Tuesday, December 09, 2008

Living without Global Namespaces

Newspeak differs from most programming languages in that it doesn’t provide a global namespace. And it differs from most imperative programming languages, because it has no static state.

I’ve spoken and written a fair amount about why the absence of static state is a good thing . What I haven’t discussed much is how you actually organize programs in this way. There have been a lot of questions along these lines. This post is an attempt to answer some of them.

Caveat: Some of the details here differ in the current prototype. Some of the features are still incomplete. What's described here is how things are supposed to work. We're not far from that.

First, let’s tackle the question of static state. It should be obvious: anything that you expected to put in a static variable goes in an instance variable of a module. What about singleton classes? How do I ensure that there’s only one instance? The easiest way is to initialize a read only slot of a module with an object literal. What happens if there are multiple instances of the module declaration? Well, each module has its own “singleton”. That’s exactly what happens with singleton classes in Java when they are defined by multiple class loaders.

What if your class defines some service process and you need to be really sure there’s only one in the entire system? First, in many cases you may find that the system in question is your subsystem, defined by your modules, and the answer above applies.

Now if you really mean “the entire system”, then you need to control that via some state in the platform object - through its links to the world’s state (e.g., the file system) or by having some registry in the platform object. Of course, not all code may see the true platform object, so it isn’t really global either; but it won’t matter.

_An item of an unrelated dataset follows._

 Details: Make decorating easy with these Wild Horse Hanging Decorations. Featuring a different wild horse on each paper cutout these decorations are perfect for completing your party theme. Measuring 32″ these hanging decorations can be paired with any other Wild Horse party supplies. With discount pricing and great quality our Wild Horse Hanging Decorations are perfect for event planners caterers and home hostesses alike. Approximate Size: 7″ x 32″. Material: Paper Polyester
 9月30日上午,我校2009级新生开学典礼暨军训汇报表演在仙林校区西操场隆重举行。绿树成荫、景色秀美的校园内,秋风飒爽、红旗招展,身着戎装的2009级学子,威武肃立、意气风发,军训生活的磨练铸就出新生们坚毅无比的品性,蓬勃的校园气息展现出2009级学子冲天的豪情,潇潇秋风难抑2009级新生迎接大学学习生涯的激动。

Having no static state doesn’t preclude having a global namespace, as long as that namespace doesn’t contain any stateful objects. The original plan for Newspeak was to have a global namespace of pure values, structured as an inversion of the internet domain namespace. This would have been much like the convention for naming Java packages (except that the scopes of namespaces would nest properly, as you’d expect). It was the only idea from Java that I saw a use for in Newspeak. It’s a good idea, but it turns out to be unnecessary.

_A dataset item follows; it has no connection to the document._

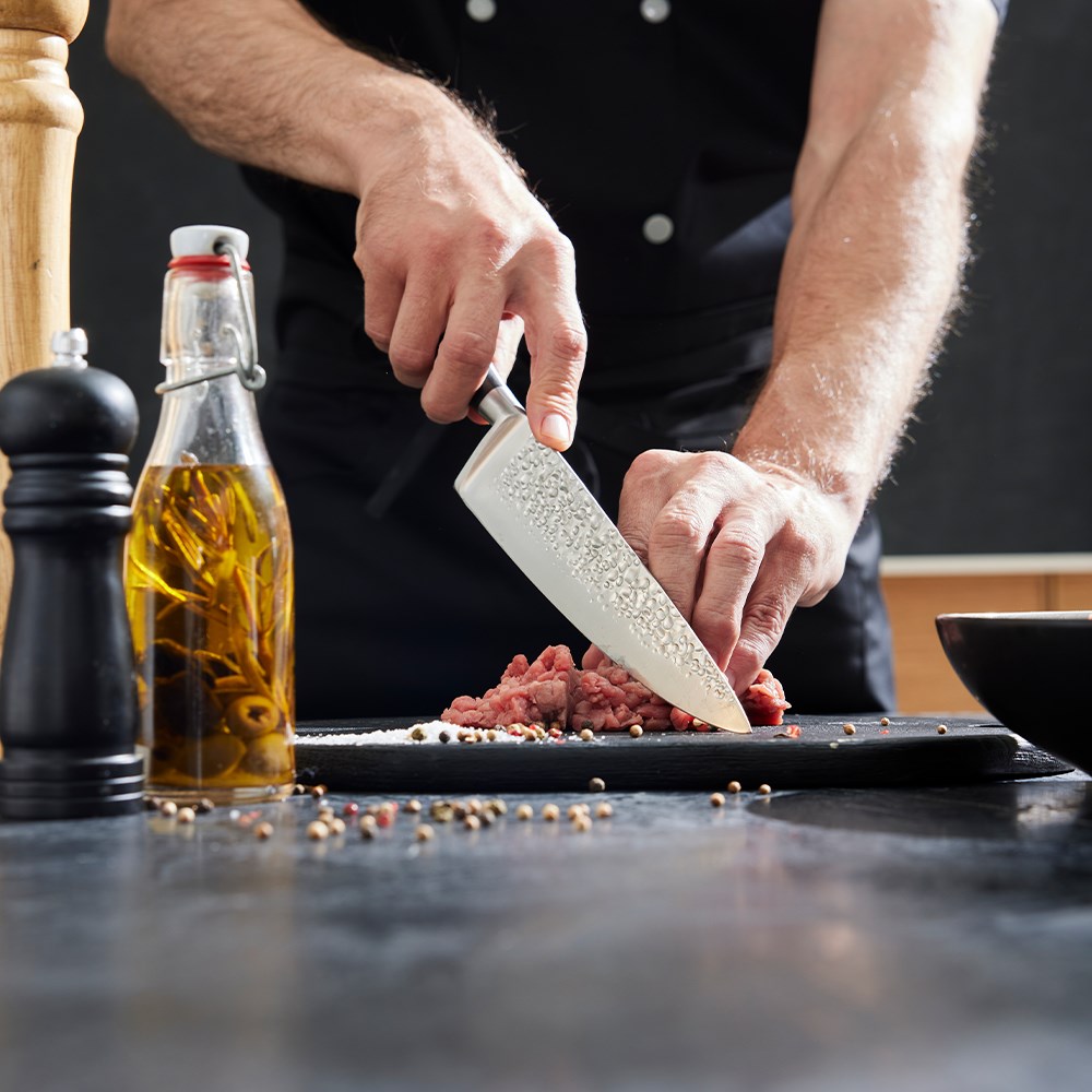 A standout feature of the Okito range of professional kitchen knives is the hammered metal finish which not only adds a striking visual appeal, but it also serves a practical function. The hammered texture creates small air pockets between the blade and the food, reducing drag and minimising instances of food sticking to the knife. This allows for faster, smoother cuts which is ideal for chefs working in high-speed, high-efficiency kitchens.

So, given no global namespace, what can I write at the top level? Remember, I can’t refer to any names, even things like Object or String that presumably exist in every implementation. This seems awkward. Not to worry - we won’t be writing SKI combinators or even plain old lambdas.

We might be able to write some literal expressions like 1 + 2, but that isn’t all that interesting, and isn’t even necessary. What we need to write are things that produce new kinds of objects, like classes.

Happily, we can write a a top level class declaration, with one caveat: A top level class declaration cannot declare a superclass explicitly since there is no way to name it, because there is no enclosing namespace. In that case, by special dispensation, the superclass will be the class Object provided by the underlying platform. Similar rules apply to object literals (which can be thought of as “anonymous classes done right”).

Ok, so now we can write a class, which can have other classes nested inside it, so it can be an entire library; and since there is no surrounding namespace, it is necessarily independent of any specifics of the environment - it is a module declaration. An example of such a module declaration would be the Newspeak AST

class NewspeakAST usingLib: platform { ....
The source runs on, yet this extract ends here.